● PROBLEM:
Could you please reproduce every record below exactly, leaving out the pictures?

● PROVIDED MATERIAL:
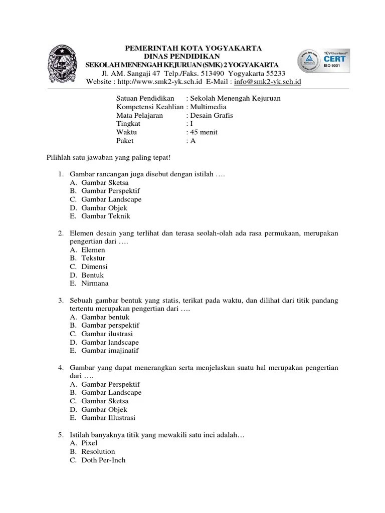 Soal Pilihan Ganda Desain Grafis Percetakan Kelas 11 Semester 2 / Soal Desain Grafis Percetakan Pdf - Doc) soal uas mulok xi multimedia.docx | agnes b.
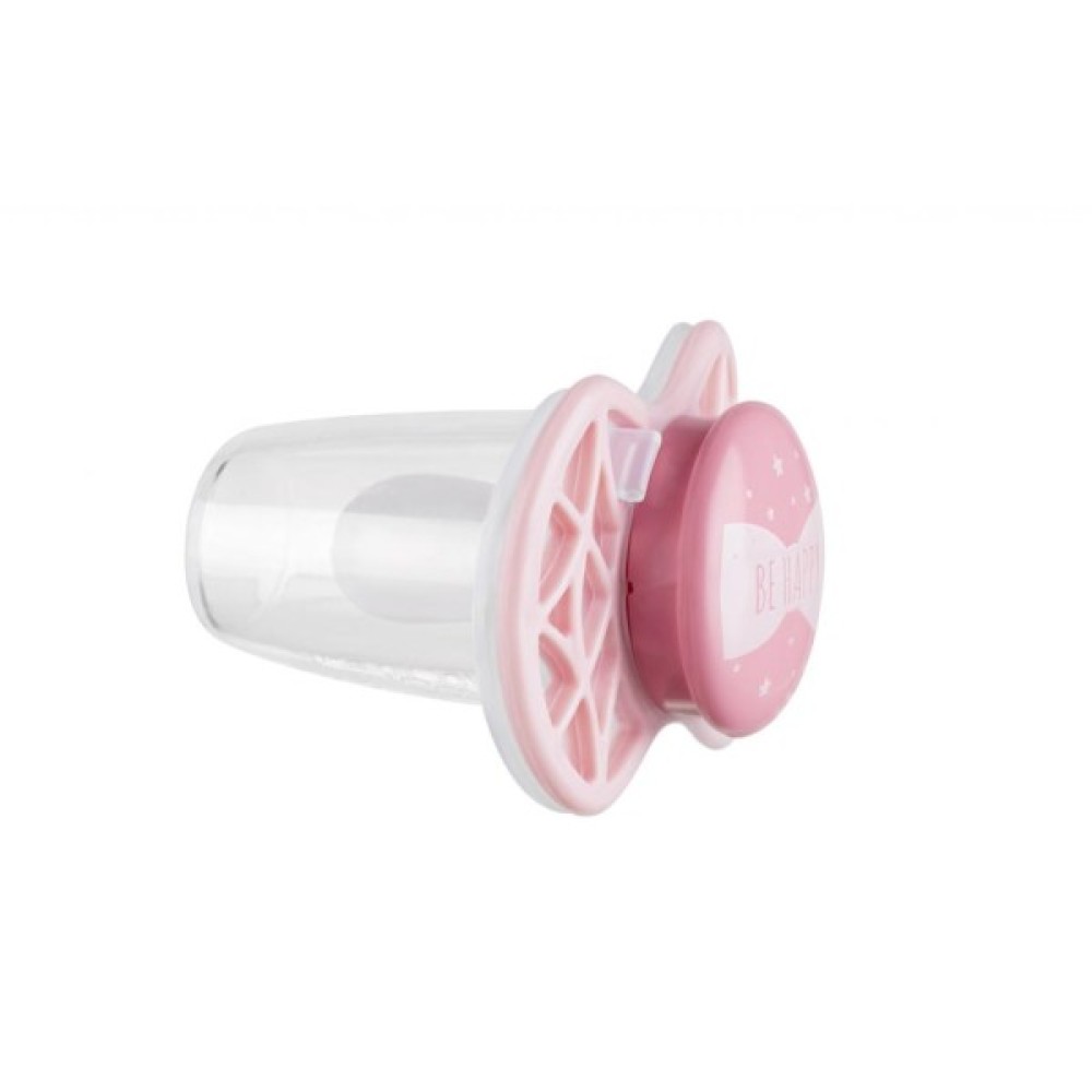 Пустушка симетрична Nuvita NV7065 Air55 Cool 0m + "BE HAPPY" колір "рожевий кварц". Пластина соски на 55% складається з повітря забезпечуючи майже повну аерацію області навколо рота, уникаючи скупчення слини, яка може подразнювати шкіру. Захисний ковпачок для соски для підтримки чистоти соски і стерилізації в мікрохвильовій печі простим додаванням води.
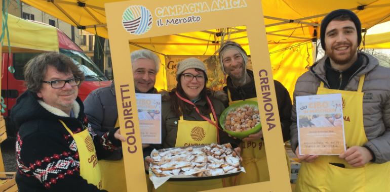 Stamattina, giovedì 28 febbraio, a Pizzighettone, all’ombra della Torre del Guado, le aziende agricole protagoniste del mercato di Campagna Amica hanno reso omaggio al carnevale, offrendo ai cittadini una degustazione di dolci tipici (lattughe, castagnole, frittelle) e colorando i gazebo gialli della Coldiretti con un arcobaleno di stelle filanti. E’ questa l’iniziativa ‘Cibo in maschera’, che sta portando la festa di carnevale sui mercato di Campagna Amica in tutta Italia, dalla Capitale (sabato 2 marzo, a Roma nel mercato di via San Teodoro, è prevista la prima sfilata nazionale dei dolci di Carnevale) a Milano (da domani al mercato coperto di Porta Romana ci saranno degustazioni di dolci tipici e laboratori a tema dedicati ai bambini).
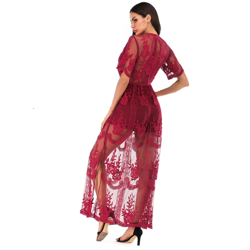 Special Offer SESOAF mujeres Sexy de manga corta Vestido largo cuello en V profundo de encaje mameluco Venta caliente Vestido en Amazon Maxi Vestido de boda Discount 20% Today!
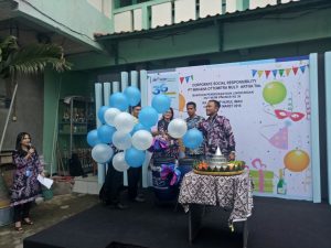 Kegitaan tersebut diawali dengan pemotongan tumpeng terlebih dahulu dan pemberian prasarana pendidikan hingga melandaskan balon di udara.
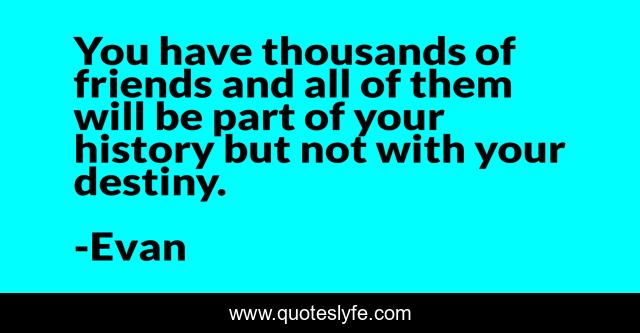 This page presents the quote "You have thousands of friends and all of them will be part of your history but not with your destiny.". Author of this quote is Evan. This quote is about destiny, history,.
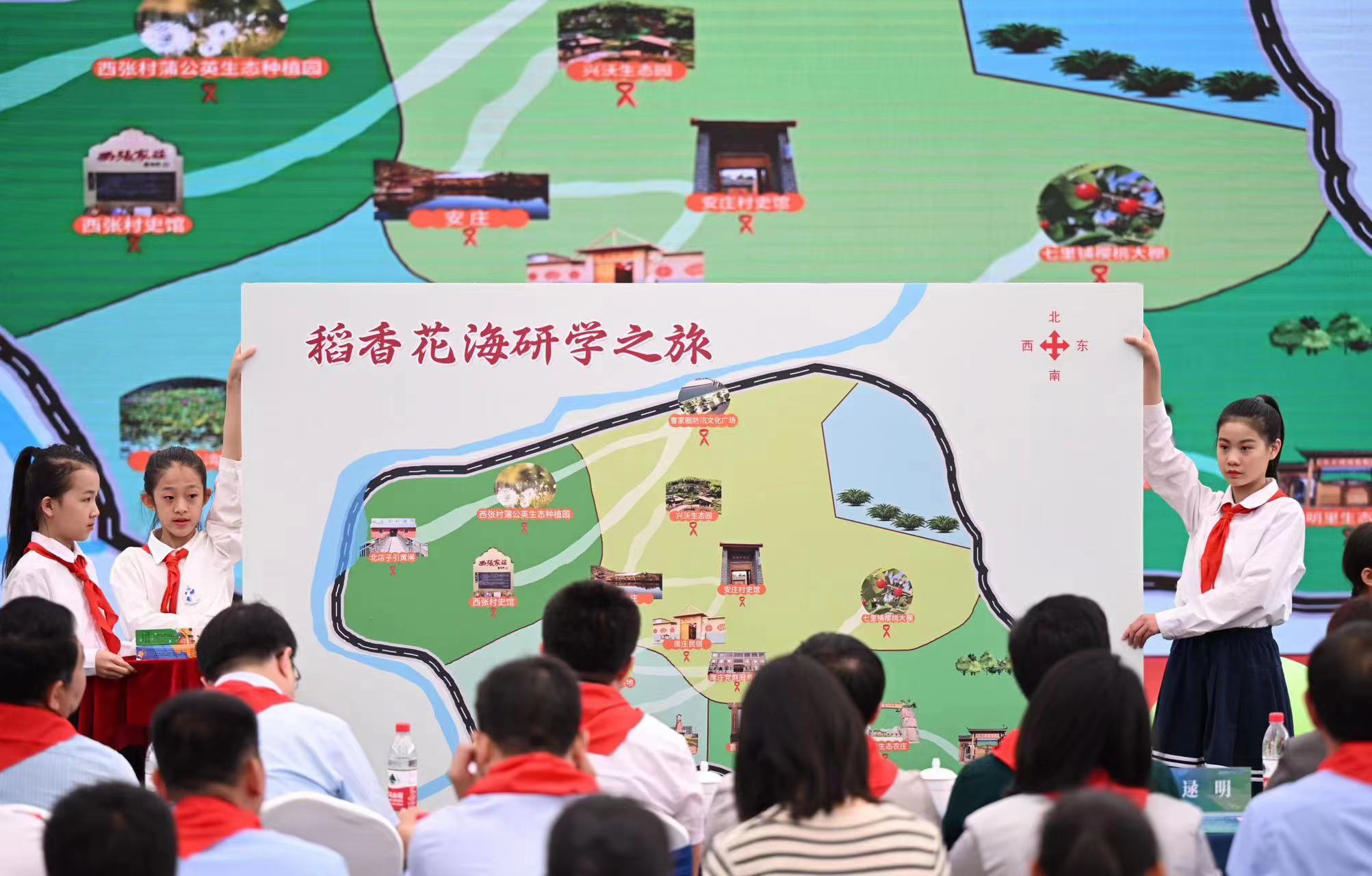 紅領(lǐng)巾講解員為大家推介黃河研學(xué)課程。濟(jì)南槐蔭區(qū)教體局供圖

● WRITTEN RESPONSE:
 Soal Pilihan Ganda Desain Grafis Percetakan Kelas 11 Semester 2 / Soal Desain Grafis Percetakan Pdf - Doc) soal uas mulok xi multimedia.docx | agnes b.
 Пустушка симетрична Nuvita NV7065 Air55 Cool 0m + "BE HAPPY" колір "рожевий кварц". Пластина соски на 55% складається з повітря забезпечуючи майже повну аерацію області навколо рота, уникаючи скупчення слини, яка може подразнювати шкіру. Захисний ковпачок для соски для підтримки чистоти соски і стерилізації в мікрохвильовій печі простим додаванням води.
 Stamattina, giovedì 28 febbraio, a Pizzighettone, all’ombra della Torre del Guado, le aziende agricole protagoniste del mercato di Campagna Amica hanno reso omaggio al carnevale, offrendo ai cittadini una degustazione di dolci tipici (lattughe, castagnole, frittelle) e colorando i gazebo gialli della Coldiretti con un arcobaleno di stelle filanti. E’ questa l’iniziativa ‘Cibo in maschera’, che sta portando la festa di carnevale sui mercato di Campagna Amica in tutta Italia, dalla Capitale (sabato 2 marzo, a Roma nel mercato di via San Teodoro, è prevista la prima sfilata nazionale dei dolci di Carnevale) a Milano (da domani al mercato coperto di Porta Romana ci saranno degustazioni di dolci tipici e laboratori a tema dedicati ai bambini).
 Special Offer SESOAF mujeres Sexy de manga corta Vestido largo cuello en V profundo de encaje mameluco Venta caliente Vestido en Amazon Maxi Vestido de boda Discount 20% Today!
 Kegitaan tersebut diawali dengan pemotongan tumpeng terlebih dahulu dan pemberian prasarana pendidikan hingga melandaskan balon di udara.
 This page presents the quote "You have thousands of friends and all of them will be part of your history but not with your destiny.". Author of this quote is Evan. This quote is about destiny, history,.
 紅領(lǐng)巾講解員為大家推介黃河研學(xué)課程。濟(jì)南槐蔭區(qū)教體局供圖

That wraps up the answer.